Das nifbe setzt daher auf eine landesweite Vernetzung und Verzahnung: „Um die ersten Jahre eines Kindes möglichst optimal zu gestalten, müssen alle Beteiligten an einem Strang ziehen und der Transfer aus der Forschung in die Praxis wie auch umgekehrt sicher gestellt werden“, so Prof. Dr. Renate Zimmer, Institutsleiterin des nifbe.

 

Einladung zur Beteiligung

Dafür nehmen jetzt in Emden, Hannover, Hildesheim, Lüneburg und Osnabrück fünf regionale nifbe-Zentren mit den dort angestellten Netzwerk-ManagerInnen ihre Arbeit auf. Zeitgleich wird am 26. Februar 2008 der offizielle Startschuss für die Vernetzung vor Ort gegeben. Alle relevanten Akteure aus der frühkindlichen Bildung und Entwicklung sind eingeladen, in den interdisziplinären Austausch zu kommen sowie gemeinsame Strategien und Arbeitsschwerpunkte für die Zukunft festzulegen.

Querschnittsaufgaben in den regionalen Netzwerken sollen die Aus- und Weiterbildung des pädagogischen Fachpersonals, die modellhafte Entwicklung frühpädagogischer Konzepte und vor allen Dingen auch die Elternbildung sein. „Wir brauchen eine enge Bildungspartnerschaft zwischen den Eltern und den Erzieherinnen in Kindergärten und auch den Lehrern in Grundschulen“, hebt Zimmer hervor.

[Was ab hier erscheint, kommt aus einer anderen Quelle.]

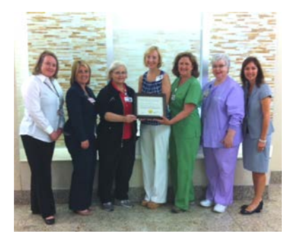
Brookwood Medical Center
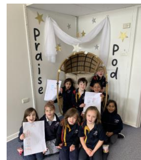
Room 21 learners sharing Initialit learning
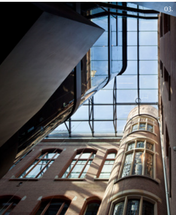
01. Conservatorium hotel 02. Historical stairs 03. Glass building
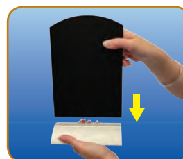
Simply grip the base open and insert the chalkboard
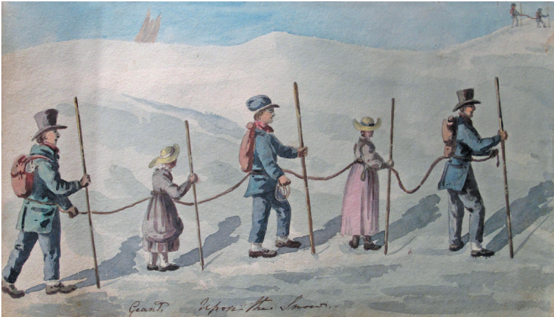
Fig 1 'Geant. Upon the Snows', watercolour inscribed with ink, 22.6cm x 12.8cm, 1822. All illustrations by Elizabeth Campbell. Double-sided and backed with Fig 8 'Summit of the Col du Géant'. (All illustrations courtesy of Tony Astill.)

Images from the First Female Crossing of the Col du Géant
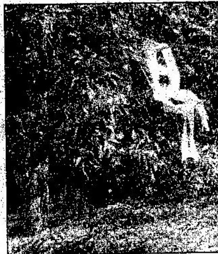
LITTER BUGS: Toilet paper marks a running trail.

"Anyone found dumping any type of rubbish in public parks is liable to heavy fines, and we are asking members of the public to contact Brisbane City Council if they know the name of the run-
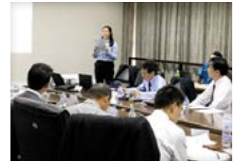
Procurement training at a production base in China

Aus den regionalen Netzwerken sollen darüber hinaus Transfer- und Kooperationsprojekte entwickelt werden, für die im Rahmen des nifbe 1,2 Millionen Euro zur Verfügung stehen. Im Fokus steht hier die modellhafte Umsetzung von wissenschaftlichen Erkenntnissen und innovativen Verfahren in die Aus- und Weiterbildung sowie in den Alltag von Kindergärten.